At this moment in time, only one name in the entire 2017 class would give pause to drafting Watt, and Mahomes went 20 selections above him. So looking at the remaining options, both the next 32 picks and the entire 223 players taken after 30th overall, there isn’t anyone who is a better choice here.

It’s not to say there weren’t other standouts taken between 31-62. Ryan Ramczyk is one of the best tackles in football and went two picks after Watt to New Orleans. Ditto for Dalvin Cook at running back, going 41st to Minnesota.

Behind the elite players, safeties Budda Baker (36th, Arizona) and Marcus Maye (39th, N.Y. Jets), receiver Curtis Samuel (40th, Carolina), safety Marcus Williams (42nd, New Orleans), Bowser (47th, Baltimore), Joe Mixon (48th, Cincinnati), and defensive tackle Dalvin Tomlinson (55th, N.Y. Giants) have all had very successful four-year careers to this point.

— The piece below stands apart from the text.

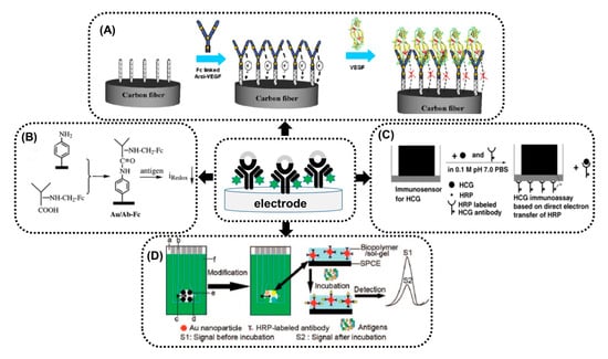 In example work presented by Prabhulkar and others [50], the reagentless and mediatorless strategy for the detection of cancer biomarker vascular endothelial factor (VEGF) has been described. The disc-shaped carbon fibre microelectrodes were fabricated and modified with ferrocene monocarboxylic acid labelled anti-VEGF antibodies using bifunctional polyetheramine cross-linker Jeffamine®ED-600 (Figure 4A). Such a procedure allowed for reagentless electrochemically-enhanced detection based on direct oxidation of the ferrocene label. The formation of immunocomplex between the ferrocene-labelled anti-VEGF antibody and the VEGF caused a decrease of the ferrocene oxidation peak current, registered at 0.52 V using linear sweep voltammetry in 0.5 M NaClO4 solution. The resultant drop in the oxidation current was further employed to quantify the amount of VEGF. The detection mechanism is connected with the increased spatial blocking caused by formation of bulky immunocomplexes, further hindering the electron transfer of the ferrocene molecules to the carbon fibre electrode surface. The presented detection strategy offers acceptable reproducibility indicated by a max value of the RDS of 8.9% for the intra-assay and 11.2% for the inter-assay.
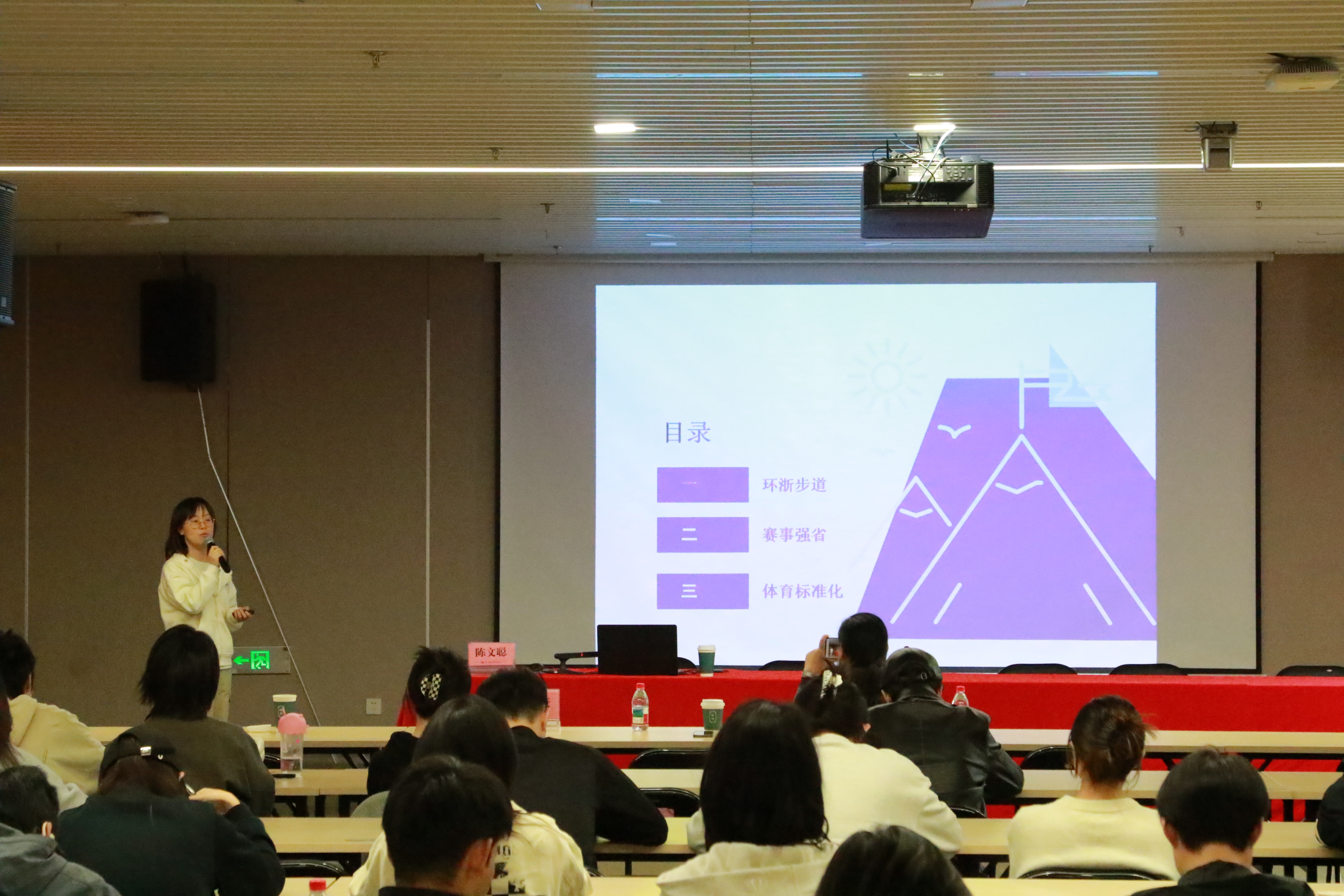 宣讲团由省体科所副所长陈谦亲自带队,开场时,她先向师生们介绍了宣讲团队的成员构成,随后详细讲解了省体科所的发展历程与整体概况。作为浙江省体育局下属唯一的省级体育科研机构,省体科所自1983年成立以来,始终在体育科研领域发挥着重要作用。2012年,机构又增挂了省反兴奋剂中心的牌子,进一步拓展了工作范畴。宣讲中,陈所以“科技助力体育领域的工作实践”为主题,深入解读了竞技体育科研保障、个性化备战服务等核心工作内容,这些工作已覆盖射击、自行车等多个重点体育项目,让在场师生对体育科研的实际应用有了更直观的认识。

But in an absolutely loaded second round (and end of the first), Watt stands out.


Giving nothing but A+ grades to a player is not what this exercise is designed to do. A grade on either end of the scale, A+ or F, is supposed to be something exceedingly rare and impossible to earn without extenuating circumstances influencing the mark.

Players like T.J. Watt are very much an exception to the rule, though, particularly when arriving beyond the top half of the first round. And to call him a generational talent and one of the best pass rushers to ever play in the entire NFL is hyperbole only four seasons in. But examining this pick and Watt’s career from each of the viewpoints guiding this exercise, there isn’t fault to be found with the selection.

His numbers are quickly climbing the Pittsburgh franchise leaderboards, and he is a two-time All-Pro and three-time Pro Bowler in four seasons. His numbers outperformed a top 10 pick, let alone 30th overall. No edge-rushing linebacker from his class comes close to what Watt can do on the field. And even in a loaded next 32 picks, only two (Ramczyk, Cook) rank among the elite at their position the way Watt does at edge rusher, but still don’t usurp Watt as the player likeliest to go first among the trio in a re-draft. There is still a long career left for Watt to come down to Earth or continue ascending into space. But re-grading things right now, Pittsburgh made the perfect pick at 30th overall.